When a versioned scalar backs versioned aggregates, a stream resolver's writes only
flow into the aggregates sourced from the version that resolver actually writes. An
aggregate whose aggregate_on column is a different version of the freshly written
column is skipped for that batch.

```
from chalk import DataFrame, FeatureTime, Primary, feature, features
from chalk.features import _
from chalk.features.resolver import make_stream_resolver
from chalk.streams import Windowed, windowed

@features
class Transaction:
    id: Primary[str]
    user_id: "User.id"
    amount: float = feature(
        versions={1: feature(), 2: feature()},
        default_version=1,
    )
    ts: FeatureTime

@features
class User:
    id: Primary[str]
    transactions: DataFrame[Transaction]
    total_spend: "Windowed[float]" = feature(
        versions={
            1: windowed(
                "30d",
                expression=_.transactions[_.amount].sum(),
                materialization=True,
                default=0.0,
            ),
            2: windowed(
                "30d",
                expression=_.transactions[_.amount @ 2].sum(),
                materialization=True,
                default=0.0,
            ),
        },
        default_version=1,
    )

class TransactionMsg(BaseModel):
    id: str
    user_id: str
    amount: float

# Stream resolver writes amount @ 2 (the parity column).
make_stream_resolver(
    name="process_transaction_topic",
    source=transaction_source,
    message_type=TransactionMsg,
    output_features={
        Transaction.id: _.id,
        Transaction.user_id: _.user_id,
        Transaction.amount @ 2: _.amount,  # noqa: F722
    },
)
```

For each message, only User.total_spend["30d"] @ 2 is updated. User.total_spend["30d"]
(v1, sourced from _.amount) is left untouched, even though the new Transaction row
exists at the same primary key — its v1 column wasn't part of this resolver's output.

The isolation only kicks in when the source feature (the column referenced inside the
aggregation expression) is itself versioned. If the underlying scalar is unversioned,
every version of an aggregate that references it updates normally on every write.

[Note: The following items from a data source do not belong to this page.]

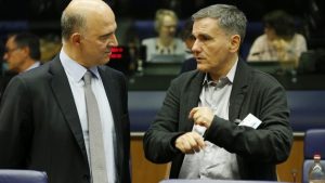FILE PHOTO. Pierre Moscovici, the European Commissioner for Economic and Financial Affairs, Taxation and Custom (L) and Greek Finance Minister Euclid Tsakalotos (R). EPA/JULIEN WARNAND DECEMBER 3, 2017
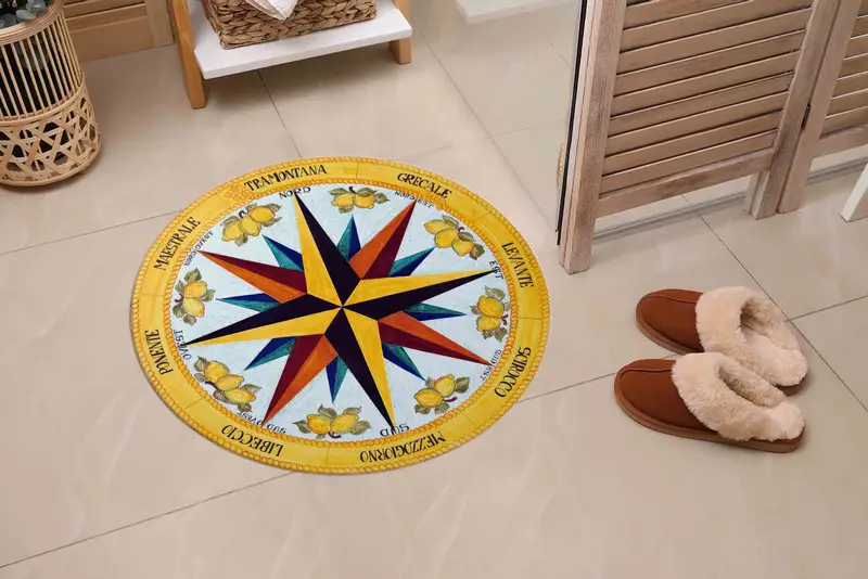 コンパスラウンドプリントラグ - モダンでトレンディなヨットデザイン
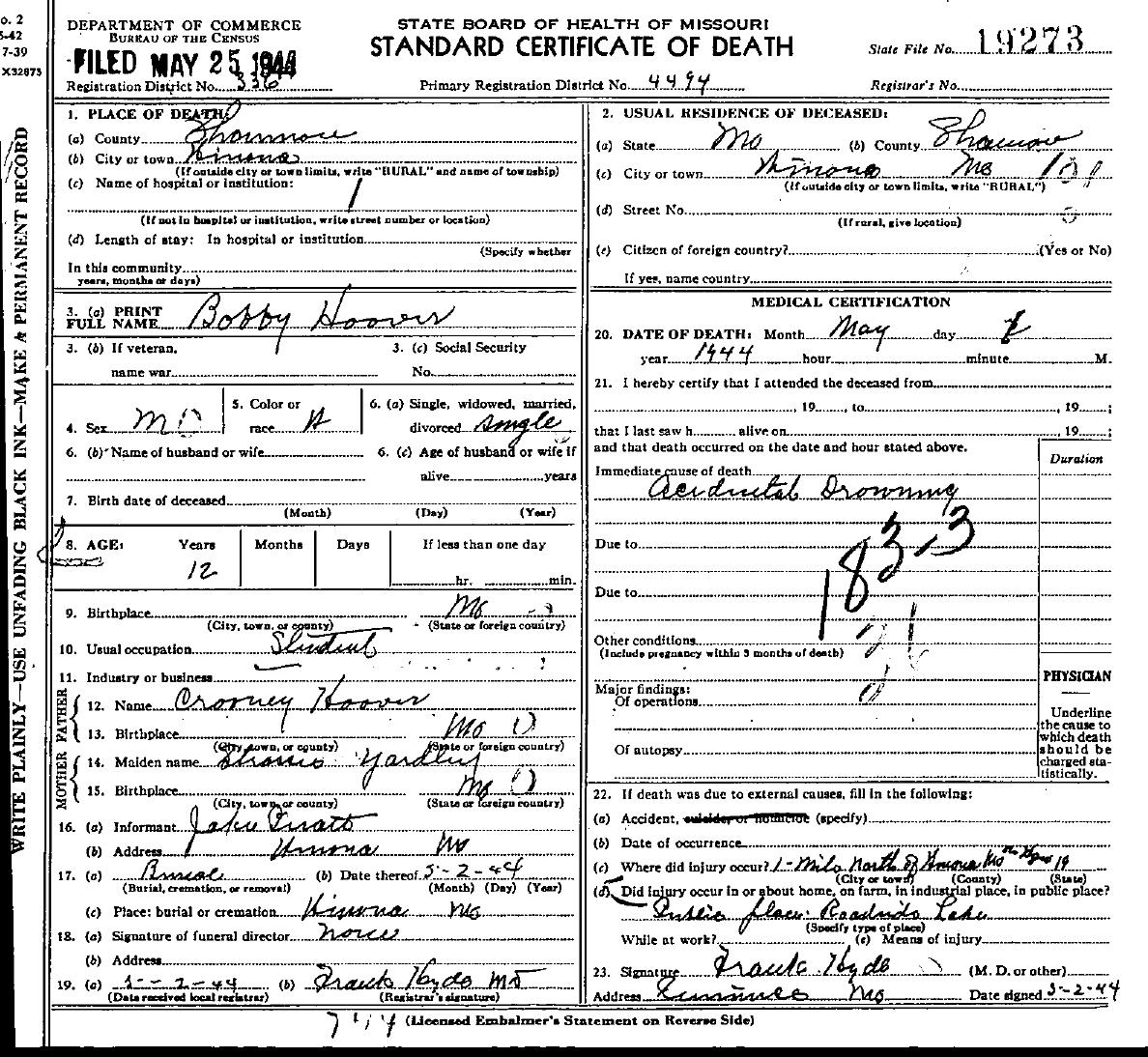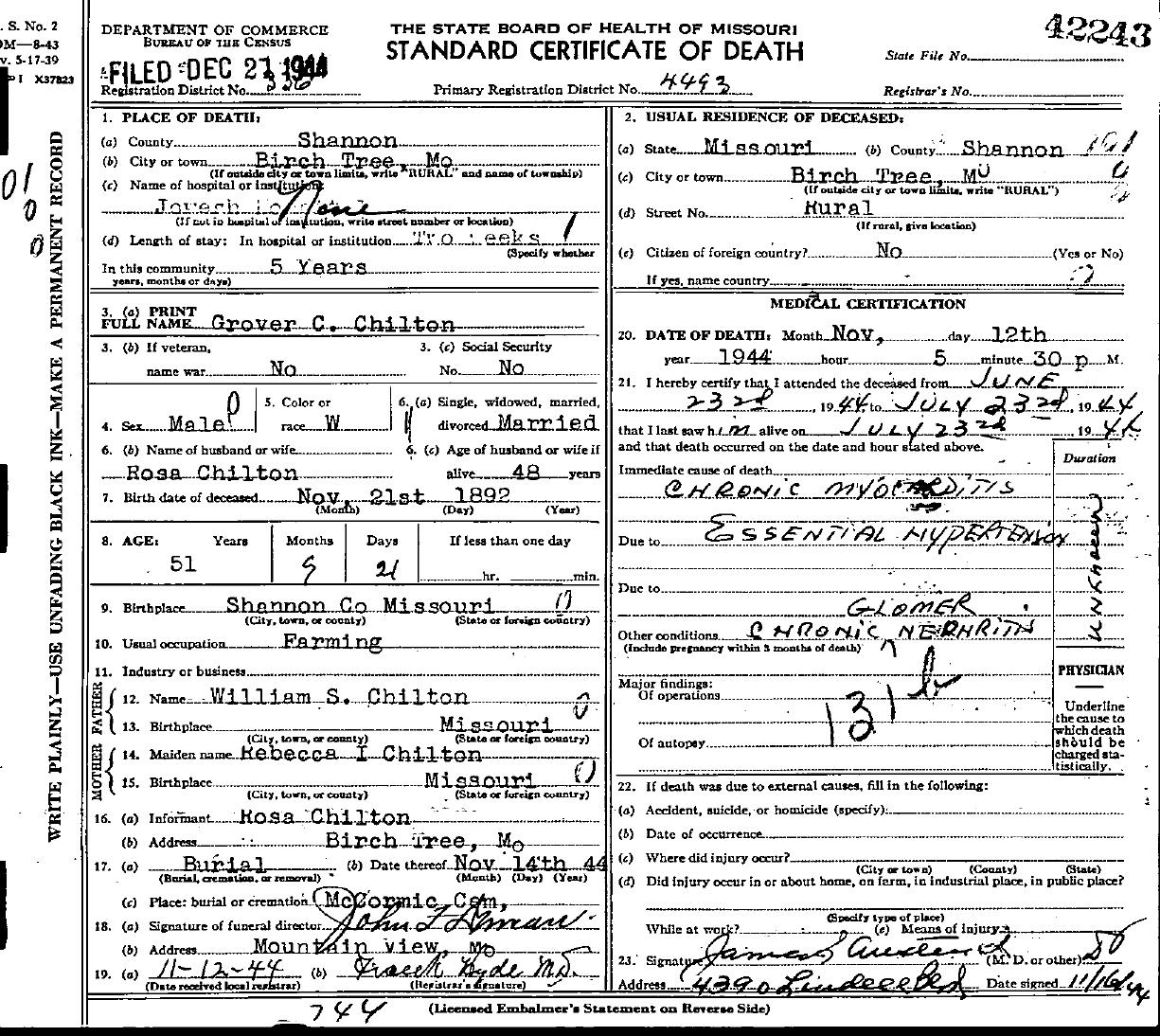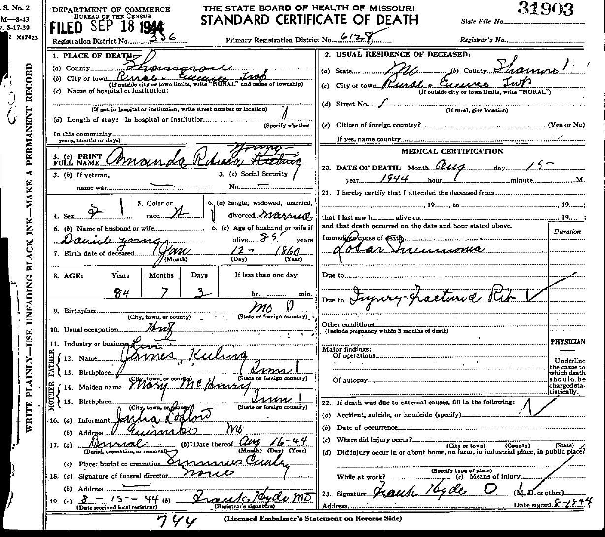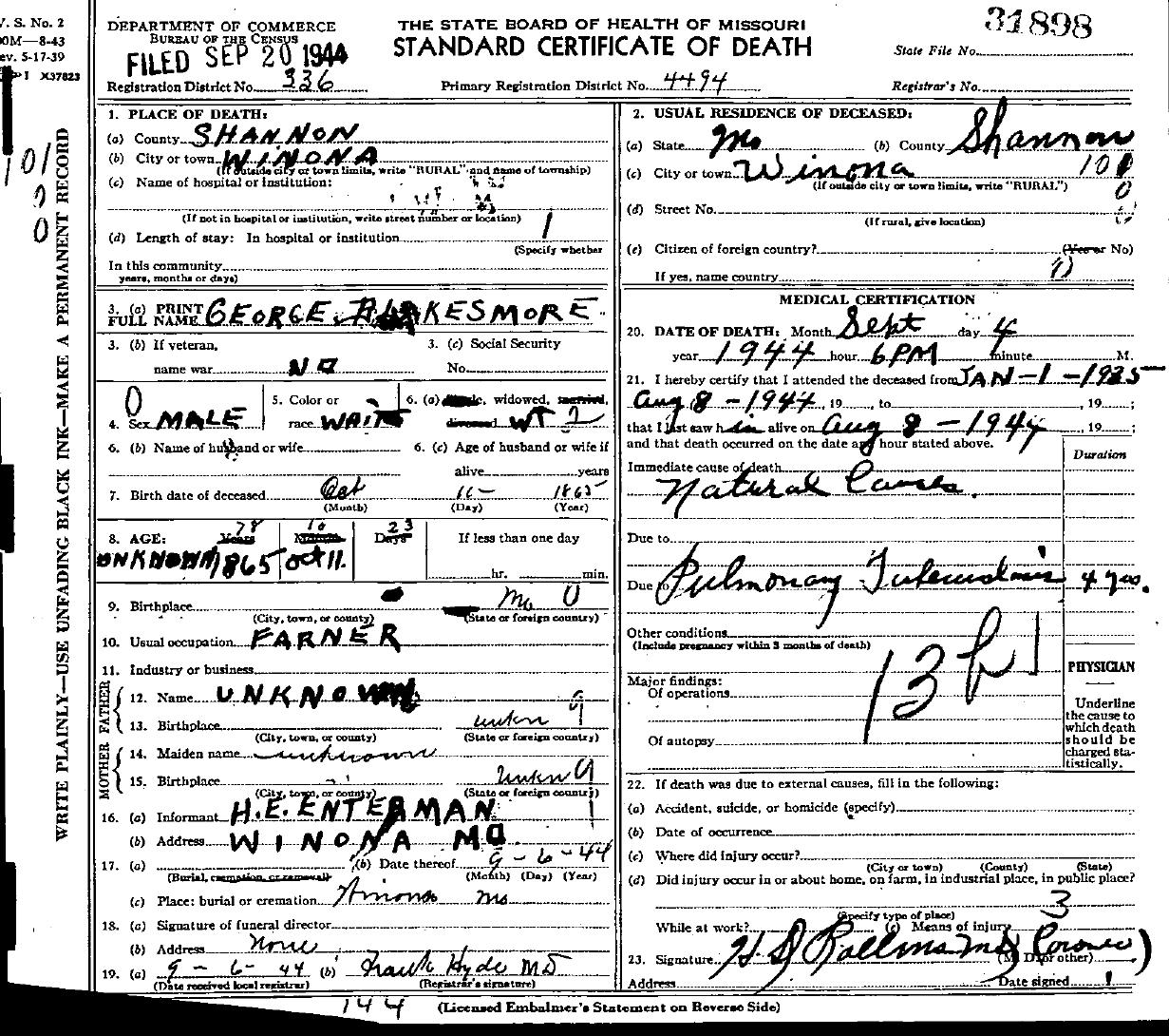 1944 Shannon County Death Certificates

For a full guide to defining, querying, and backfilling versioned windowed aggregations, see Versioned Windowed Aggregations.

### Online Storage

Similar to materialized aggregations that are backfilled from a non-streaming
data source, when the Chalk streaming server receives a message on a stream, if the streaming resolver is used
to compute a materialized aggregation, then the relevant data will be used to update the correct bucket for the
materialized aggregation. When a stream resolver is used to compute a materialized aggregation, the minimum amount of
data required to compute the aggregation will be stored for each bucket. For example, for a sum aggregation, the
sum of all values in the bucket will be stored. Then when new messages arrive, the appropriate bucket based on the
timestamp of the message will be updated with the new value. Because this data is stored online, you can access the
values through both online and offline queries.